- _TASK INSTRUCTIONS_
The exact lines from the start of the material below through the line holding "To solve this" are the answer; return those, pictures excluded.
*** STORED DATA ***
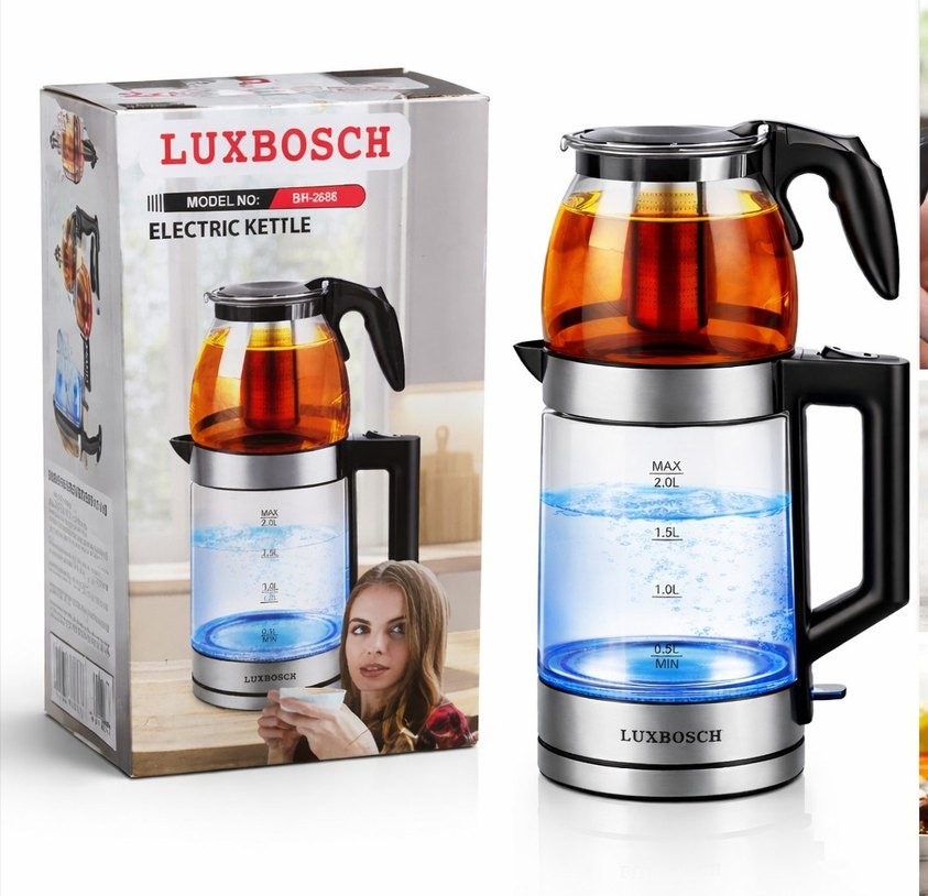 Luxbosch elektrikli çay makinesi, 2 litrelik kapasite, su seviyesi göstergeleri ve demliğiyle modern bir tasarıma sahip. Mavi ışıklı cam ve paslanmaz çelik kullanılmış. ☕çaycı Cam kettle üst hazneye 800 milim at ağzına 2 litre kaynadıktan sonra otomatikman kendini kapatır ekstra LED ışıklıdır bu yüzden görünüşü mükemmeldir 2000 watt'tır çok çabuk ısıtıyor kapalı kutu ithal üründür sağlam bir şekilde paketlenip kargoya teslim edilir
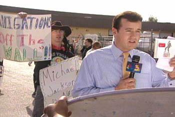 A well-groomed TV newscaster sets up his camera right in front of the CMX gate. As he addresses the camera, giving a live update on what's going on, I park myself right behind him and start frantically waving my idiotic signs. For his viewers, Monroe Bennett is a representative the sea of fans showing Michael Jackson support. He even refers to me during the broadcast.
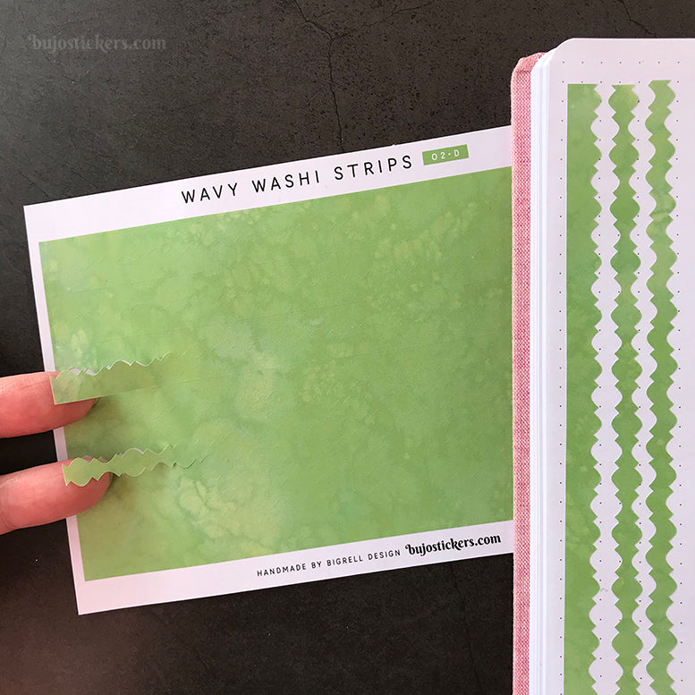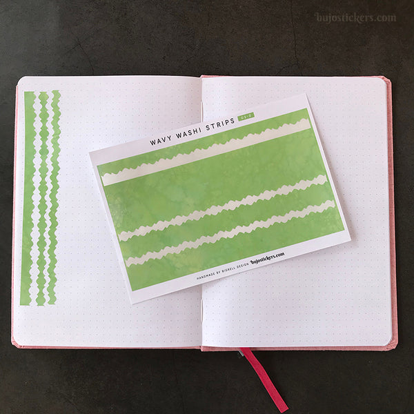 Wavy strips stickers. Green strips with wavy edges. 15 sticker strips with varied waves.
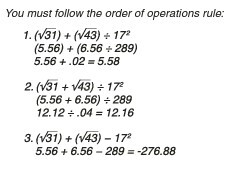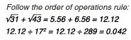 To solve this equation, follow these steps: clear all of the parentheses, perform the multiplication, then the addition. Finally take the square root of the number you have just obtained.
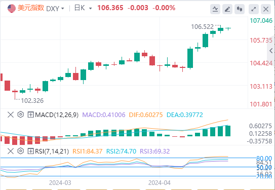鲍威尔暗示美联储短期内没有降息计划,美元指数继续走强,最终收涨0.152%,报106.37,收获日线五连阳。美债收益率延续涨势。10年期美债收益率一度逼近4.7%关口,再创五个月新高,最终收报4.661%。美截至目前,美元报价106.365。
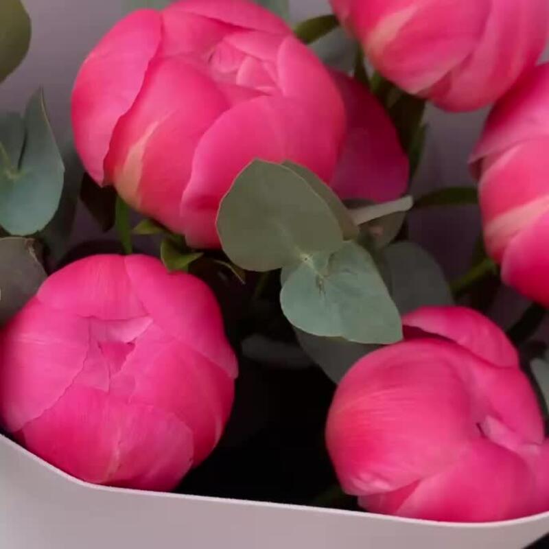 Пион коралл шарм – 5 шт.Эвкалипт – 1 шт.Упаковка дизайнерская – 1 шт.Лента атласная – 1 шт.
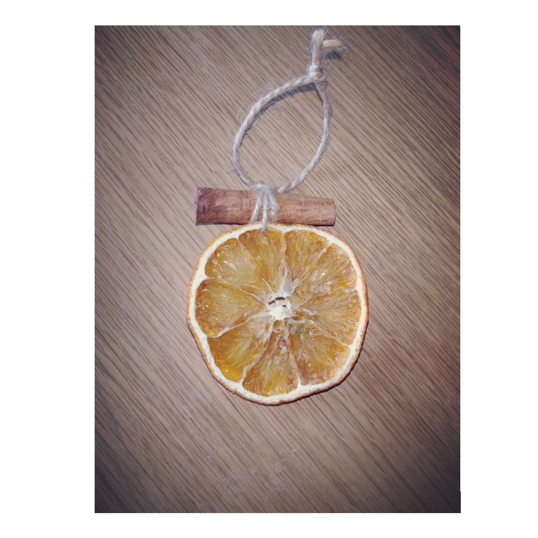 Kuivattu appelsiini, jossa kanelitanko ja ripustus naru juuttinarusta. (Jokainen kappale on unikki oma yksilönsä)
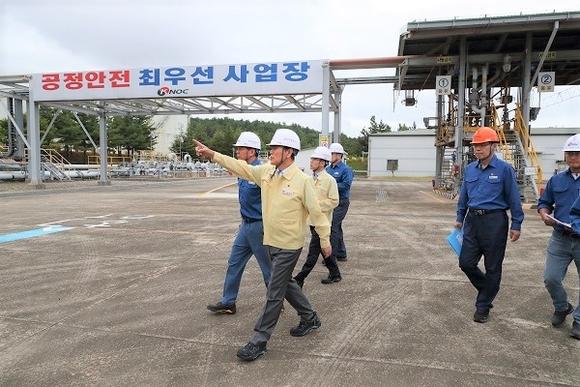한국석유공사 김동섭 사장이 지난 8일 동해비축기지를 방문, 지상탱크와 파이프라인 등 현장 시설물의 유지보수 상태를 점검하고 여름철 현장 근무자들에 대한 안전교육을 실시했다.
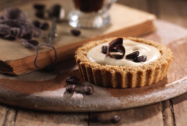 Luego, con movimientos envolventes, agregar la crema batida. Rellenar la base de torta reservada y nivelar. Refrigerar durante al menos dos horas, decorar con las láminas de chocolate y granos de café y servir.
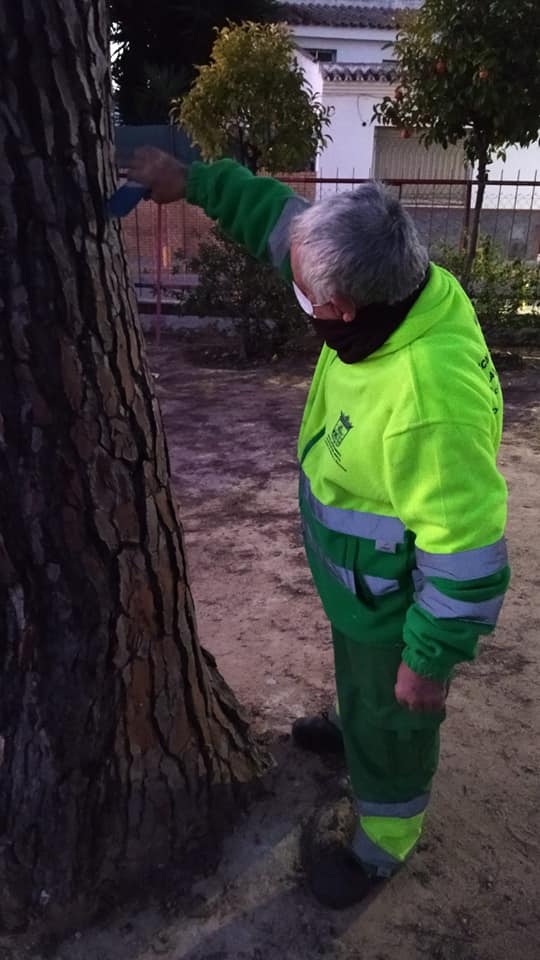 Esta semana se están tratando los diferentes ejemplares de pinos que existen en la localidad en los recintos de suelo público.
*** End of STORED DATA ***
- _RESPONSE TO THE EXERCISE_
 Luxbosch elektrikli çay makinesi, 2 litrelik kapasite, su seviyesi göstergeleri ve demliğiyle modern bir tasarıma sahip. Mavi ışıklı cam ve paslanmaz çelik kullanılmış. ☕çaycı Cam kettle üst hazneye 800 milim at ağzına 2 litre kaynadıktan sonra otomatikman kendini kapatır ekstra LED ışıklıdır bu yüzden görünüşü mükemmeldir 2000 watt'tır çok çabuk ısıtıyor kapalı kutu ithal üründür sağlam bir şekilde paketlenip kargoya teslim edilir
 A well-groomed TV newscaster sets up his camera right in front of the CMX gate. As he addresses the camera, giving a live update on what's going on, I park myself right behind him and start frantically waving my idiotic signs. For his viewers, Monroe Bennett is a representative the sea of fans showing Michael Jackson support. He even refers to me during the broadcast.
 Wavy strips stickers. Green strips with wavy edges. 15 sticker strips with varied waves.
 To solve this equation, follow these steps: clear all of the parentheses, perform the multiplication, then the addition. Finally take the square root of the number you have just obtained.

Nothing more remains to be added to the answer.